Gostando ou não de Lars von Trier, é impossível não sair de qualquer sessão de seus filmes sem querer discutir o que ele queria nos dizer. A Casa Que Jack Construiu é uma discussão sobre arte e a desgraça que a humanidade representa, pelo menos na visão do diretor. Os atos de sadismo do protagonista são cruéis ao extremo, atos de um personagem que se considera intocável por coincidências que passam desde o clima até o acidente genético de ter nascido homem. É um tanto difícil desassociar imagens da narrativa, e perguntamos a nos mesmos se tanta violência de maneira gráfica era necessária. Esse discurso nos acompanha durante toda a descida de Jack, e teremos mais de duas horas para pensar nisso.
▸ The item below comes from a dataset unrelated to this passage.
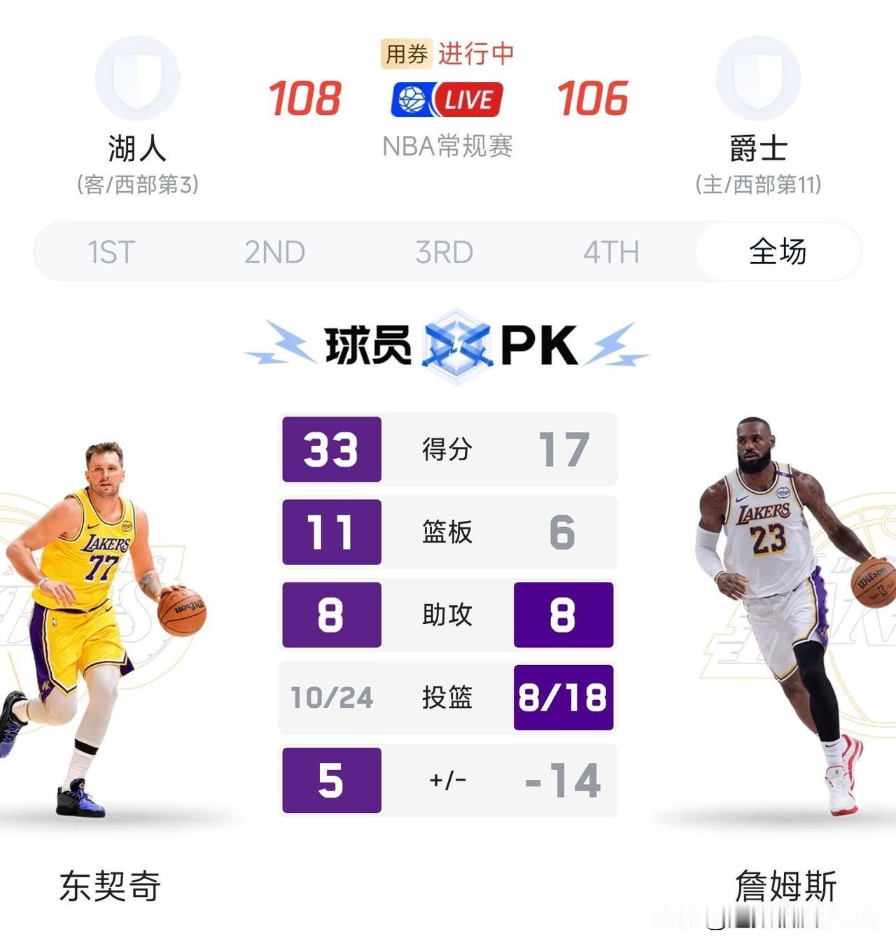 东契奇33+11+8,詹姆斯17+6+8,湖人108:106险胜爵士。 比赛只剩3分钟时湖人还领先11分,以为手到擒来的比赛硬是打出了悬念,湖人是真给机会,可是爵士未能抓住最后一投扳平比分,以2分之差遗憾输球。 东契奇砍下33分11篮板8助的“大号三双”,正负值+5,詹姆斯得到17分6板8助,但正负值-14,全队最低。这是詹姆斯本赛季的第二场比赛,教练组得研究与詹姆斯的阵容搭配了,球队虽然赢球但他对球队的贡献不大,一旦与强队交手或到了季后赛,这问题会被针对,对球队十分不利。 随着湖人战胜爵士,马刺不敌太阳,湖人排名升至西部第二,祝贺湖人!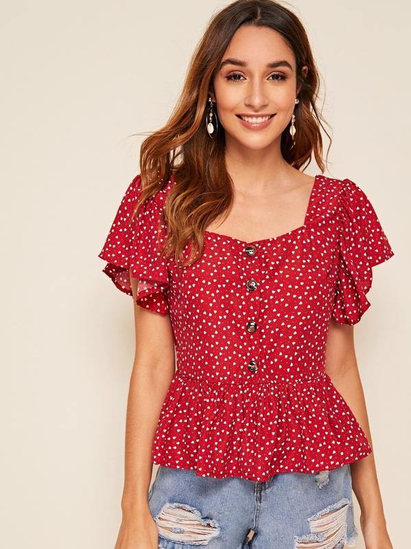 Confetti Heart Print Ruffle Hem Blouse - $32.00 SGD

Aprendemos por meio de histórias que lemos ou assistimos que os mentirosos gostam de falar, e isso acaba sendo o seu fim. Jack (Dillon) começa a se confessar na sua jornada no escuro enquanto acompanhado por Virgílio (Ganz), justificando cada um dos cinco atos atrozes – que chama de incidentes – para seu companheiro de viagem. É bem óbvio para onde Jack está indo nesse caminho sem luz, e nem é a intenção de von Trier esconder isso de nós, numa escolha metafísica pouco abordada em outros trabalhos. Mas sendo a arte algo perto do divino, parece justo que isso seja dessa maneira, principalmente qual é a sua percepção de arte, e se ela tem limites.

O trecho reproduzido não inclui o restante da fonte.